California Green Party State Convention delegates side with ‘Grandma’s house,’ and not developers in eminent domain duel on June ballot

The Green Party of California – meeting here Saturday and Sunday at its State Convention – voted to side with homeowners and local governments to prohibit eminent domain abuse by approving resolutions opposing Prop. 98 and supporting Prop. 99 on the June ballot.

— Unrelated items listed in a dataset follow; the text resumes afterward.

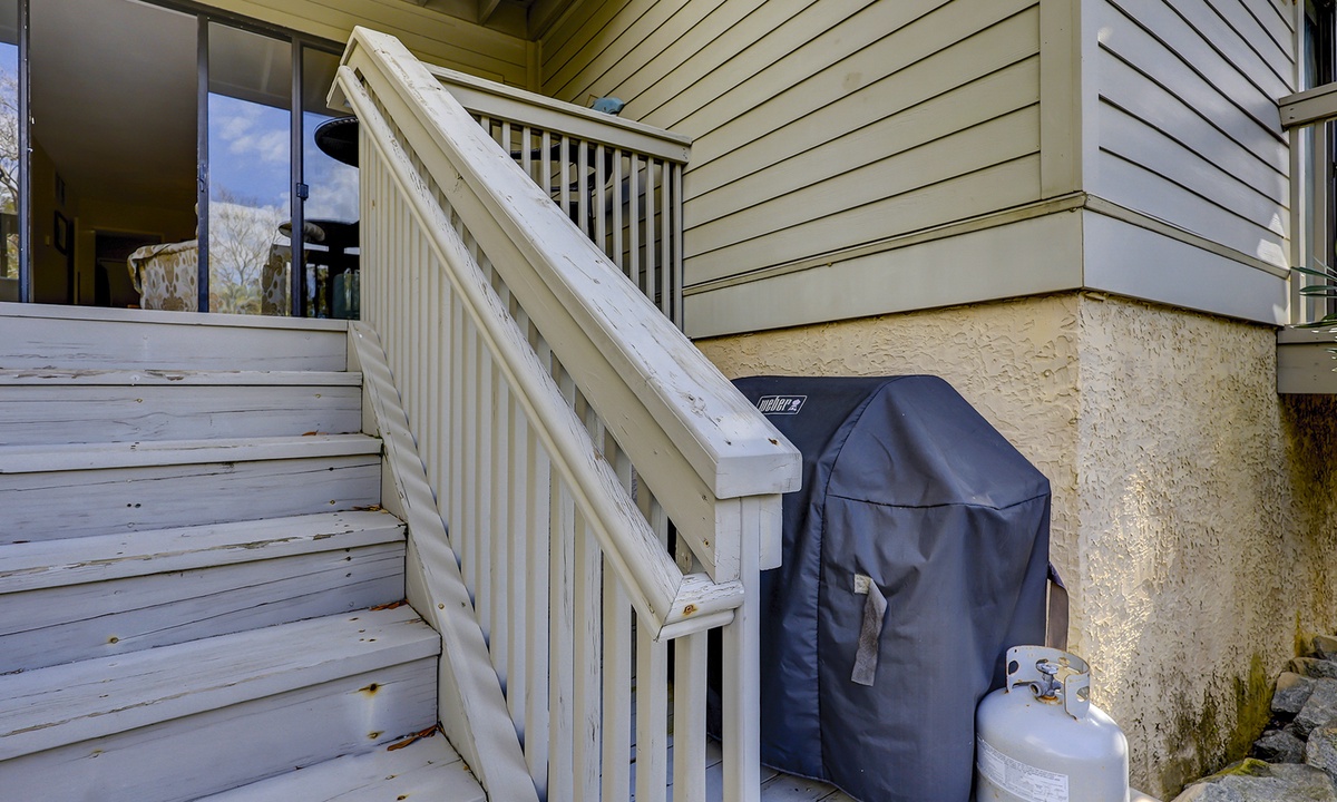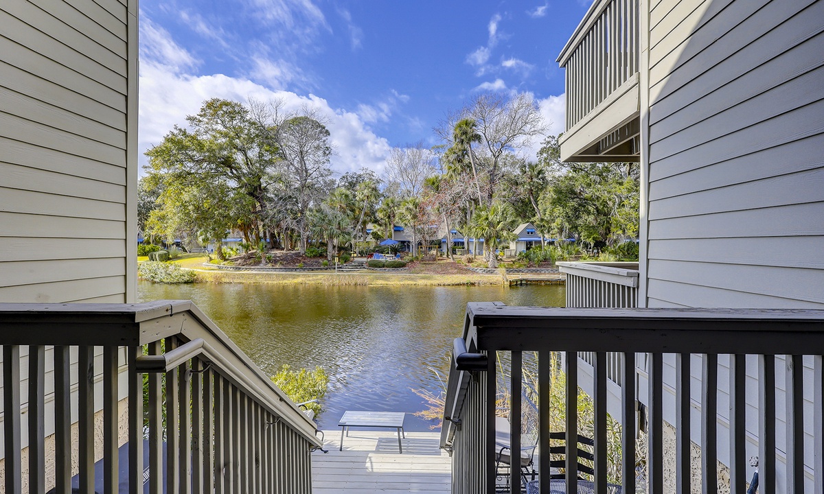 The stair free 1st level features a comfortable living area, dining area and kitchen with stainless steel appliances and everything you'll need to cook a meal for your family. A private balcony and dock with grilling area can be accessed through sliding glass doors in the living area.
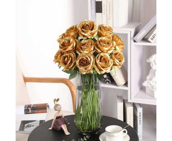 Artificial Rose Bunch Flower Silk Flower Decor - Golden
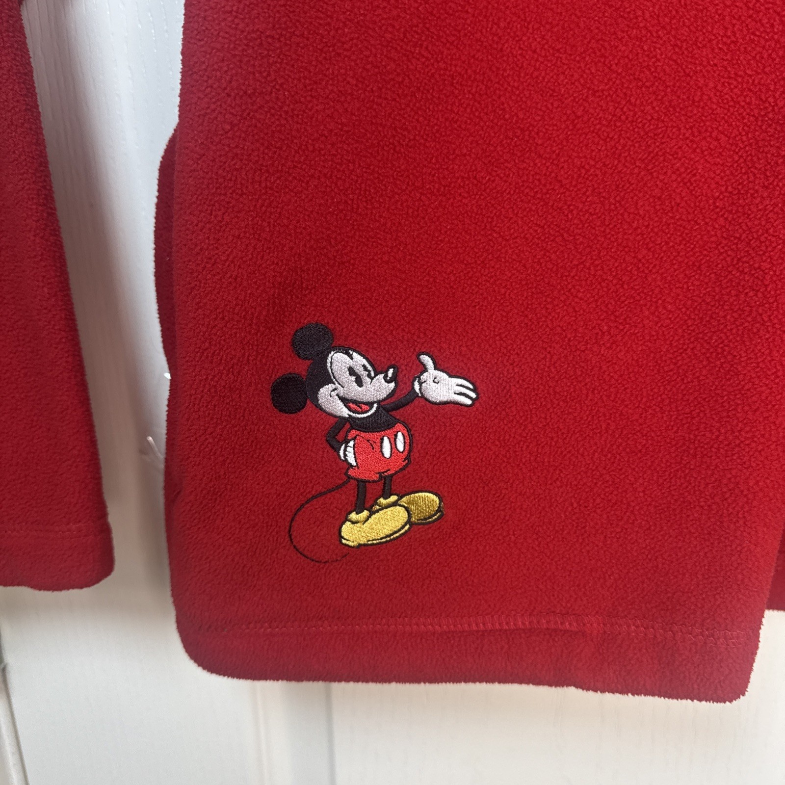 как выглядит Vintage Disney Embroidered Mickey Mouse Red Fleece 3/4 Zip, Disney Direct XL фото
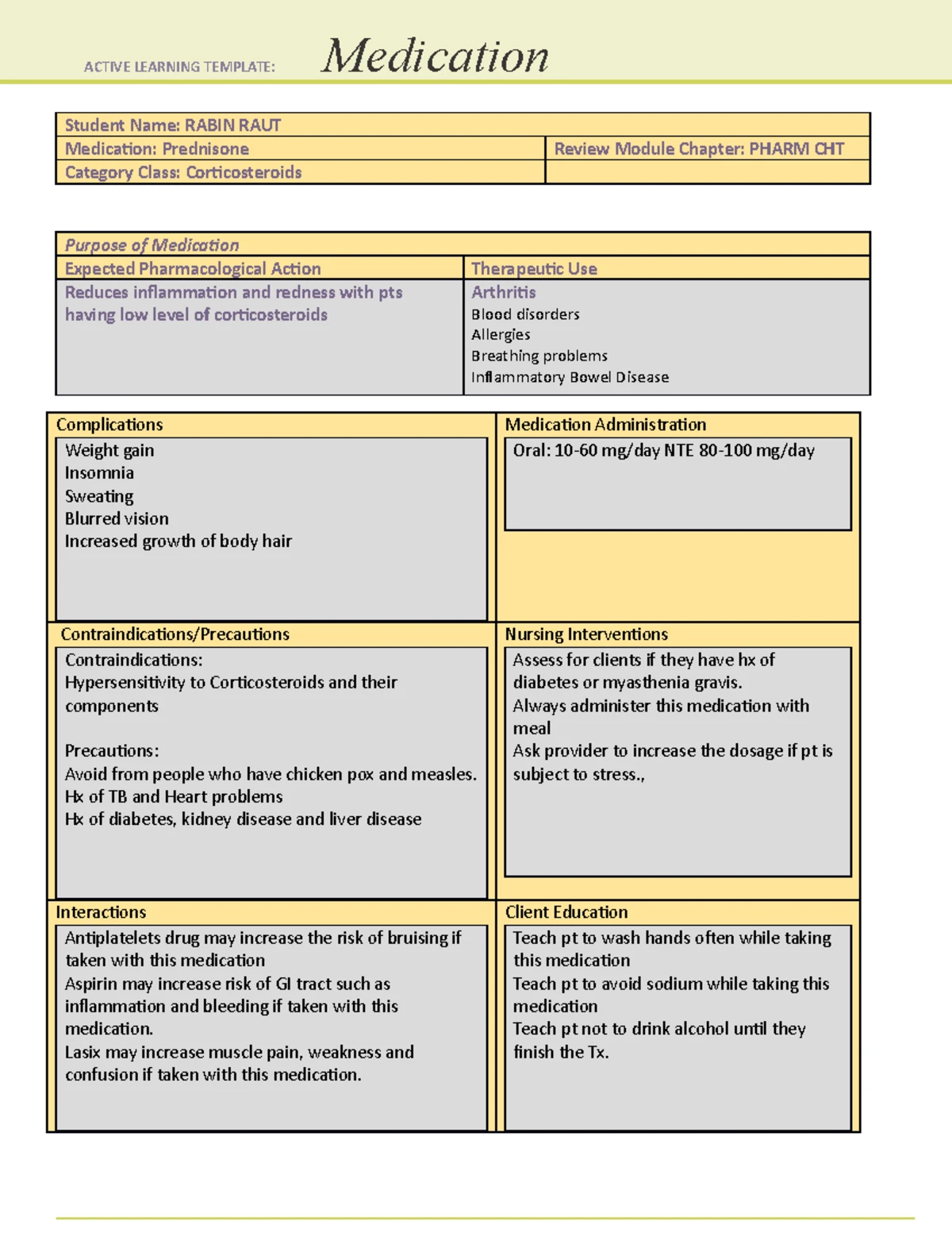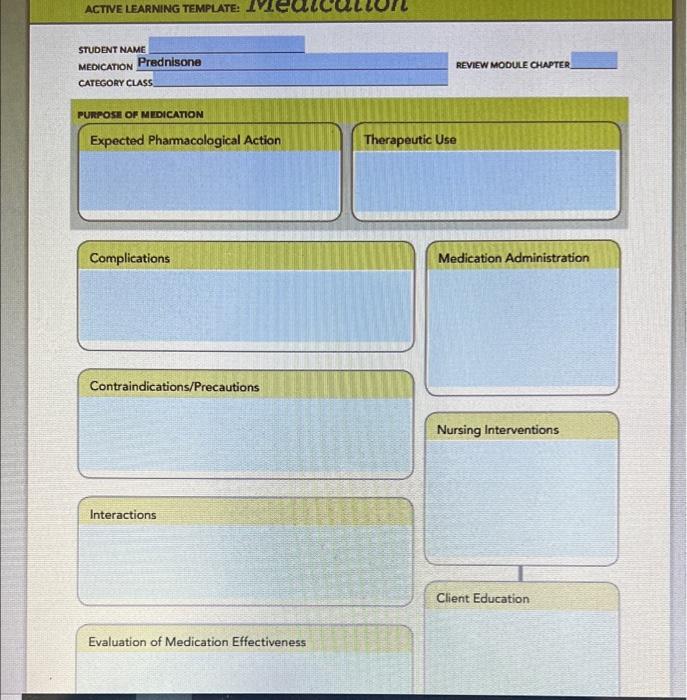 Solved ACTIVE LEARNING TEMPLATE: V STUDENT NAME Prednisone Chegg com
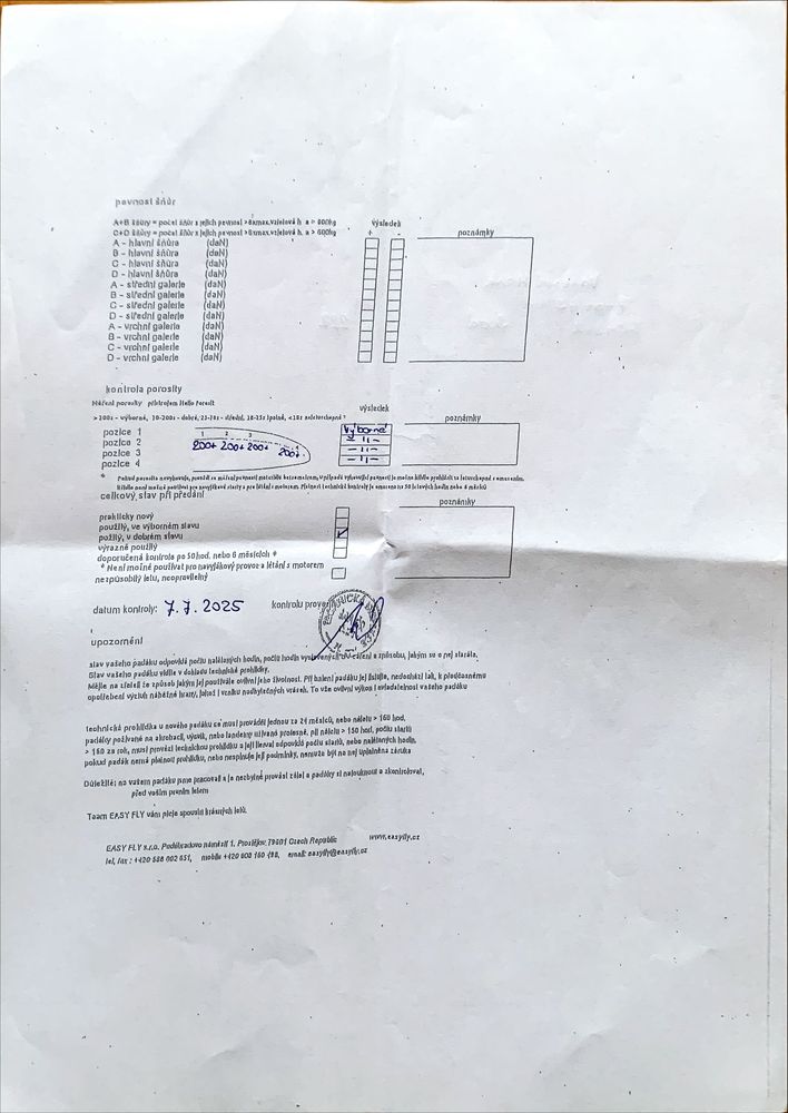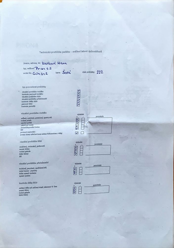 I am selling my good wing Nova Prion 4, size S (for pilots 75–100 kg). This is an EN-A category glider, suitable for beginners or for those looking for a safe wing for leisurely flying and thermals. The wing has a recent technical inspection valid until 8. 7. 2026. The porosities are 200+ in all points, so it is in very good condition and will serve you for a long time (more than 200 is not stated, the value is much higher when measured). The glider originally comes from Switzerland and I am selling it due to moving to a higher category (EN-B). The original Nova packaging is also included. I will be happy to send more information and videos in messages on Whatsapp, maybe we can come up with a different price tag. Possibility to try it on Javec.

Greens also approved resolutions calling for bans on cloned animals and Genetically Modified Organisms (GMOs), and the support of “Green Chemistry” to help the environment.

Delegates to the convention, held at UC Berkeley, agreed by consensus that the expansion of eminent domain – normally reserved for “public uses” that include such things parks, schools and roads – to now include seizing homes for transfer to a developer is an abuse of eminent domain.

“We oppose Prop. 98 because it has hidden agendas that threaten local land use planning and environmental protections and was deliberately crafted to challenge affordable housing policies, including the elimination of rent control and eviction protections.,” said Alameda Green Lisa Stephens, a member of the Berkeley Rent Board.

Conversely, in support of Prop. 99, Greens said it is a real eminent domain reform measure intended to constitutionally protect homeowners without the hidden agendas and adverse consequences of Prop. 98.

“Prop. 99 will prohibit government from using eminent domain to take a home to transfer to a private developer. It is an alternative for homeowners, environmentalists, labor, cities and counties, and will prevent ‘Grandma’s house’ from being razed to build condos or a Wal-Mart parking lot,” said
Stephens.

The GPCA also called for warning labels on products using GMOs or cloned animals, and wants to require the USDA to alert counties, and neighboring farmers if GMOs are being used in their areas. Greens would also require the source biotechnology corporation be legally accountable for any “genetic pollution.” A new plank approved by the GPCA would deal with “Green Chemistry,” which is the design and use of “chemicals, processes and products that are safer for human and environmental health (to prevent) hazardous exposures.”